Arthur L. Shipman, for the appellant (defendant).
Charles Gr. Root, for the appellee (plaintiff).
Andrews, C. J.
The court charged the jury that the warrant, which was made a part of the complaint, did not furnish any justification for the acts complained of. This was correct. The warrant had never been returned. The officer omitted to return it by the direction of the defendant. For this reason the acts done became a trespass ab initio. Dehm v. Hinman, 56 Conn. 320, 322; Williams v. Ives, 25 id. 568; Pratt v. Pond, 45 id. 386; Toby v. Reed, 9 id. 216 ; Wright v. Marvin, 59 Vt. 437; Monroe v. Merrill, 6 Gray, 238; Buller’s Nisi Prius, 23. “ If a sheriff have not returned a writ which ought to have been returned, he becomes, although this be only a nonfeasance, a trespasser ab initio, as to everything which has been done under the writ.” 6 Bacon’s Abridgment, Trespass, B.
The warrant being void for this reason, there is no occasion to discuss whether or not it was void for the reason that it was not signed by the justice to whom the complaint was made.
Tire complaint alleged that the libelous writing had been published to Henry G. Scott and Frank O. Peck, citizens of Watertown. On the trial it appeared that Scott was a deputy-sheriff and Peck a constable, and that they had the warrant for service. Thereupon the defendant claimed and asked the court to rule that as to these persons the complaint and warrant was a privileged communication. The court refused so to rule, on the ground that the defendant could not avail .himself of a privileged communication, as it was *339not pleaded. This was error. Atwater v. Morning News Co., 67 Conn. 504, 510.
For the purpose of showing that he had reasonable cause for making the complaint, the defendant testified that before he made it he had been told by one Patterson that he, Patterson, was in company with Anderson when Anderson stole the things named in the complaint. He then sought to show by the testimony of other persons that they had lost articles of property, and that Patterson had told them that he had been in company with Anderson when Anderson had stolen such articles. Upon objection this evidence was rejected by the court. This was correct. The evidence would have raised issues not proper in this case.

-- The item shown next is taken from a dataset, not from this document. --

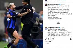 在小因扎吉的离任官宣后,国米后卫迪马尔科在社媒与小因扎吉告别,他晒出了多张两人相拥庆祝胜利的照片,并配文写道:

The plaintiff introduced Wallace Hayes as a witness, who testified that he asked the said Patterson “why he made those statements to Cowles (the defendant) about John Anderson, and that Patterson replied that he made them because Cowles offered $10.” This evidence was objected to, but the court admitted it. The testimony was apparently, offered to repel the defendant’s claim that he had acted in good faith in making the complaint, and to show that he had no reason to believe the statements of Patterson to be true. The plaintiff sought to show that Patterson made the statements about Anderson to obtain the $10, rather than because the statements were true. In such case the defendant could not have relied upon them when he made the complaint. Granting that to show Patterson’s motive his own declarations were the best evidence, still there was no evidence tending to show that the defendant was aware that Patterson was acting from such motive; and without bringing the knowledge of Patterson’s motive home to the defendant, his good faith in making the complaint could not be affected. We think this testimony of Mr. Hayes was inadmissible.
There is error, and a new trial must be granted.
In this opinion the other judges concurred.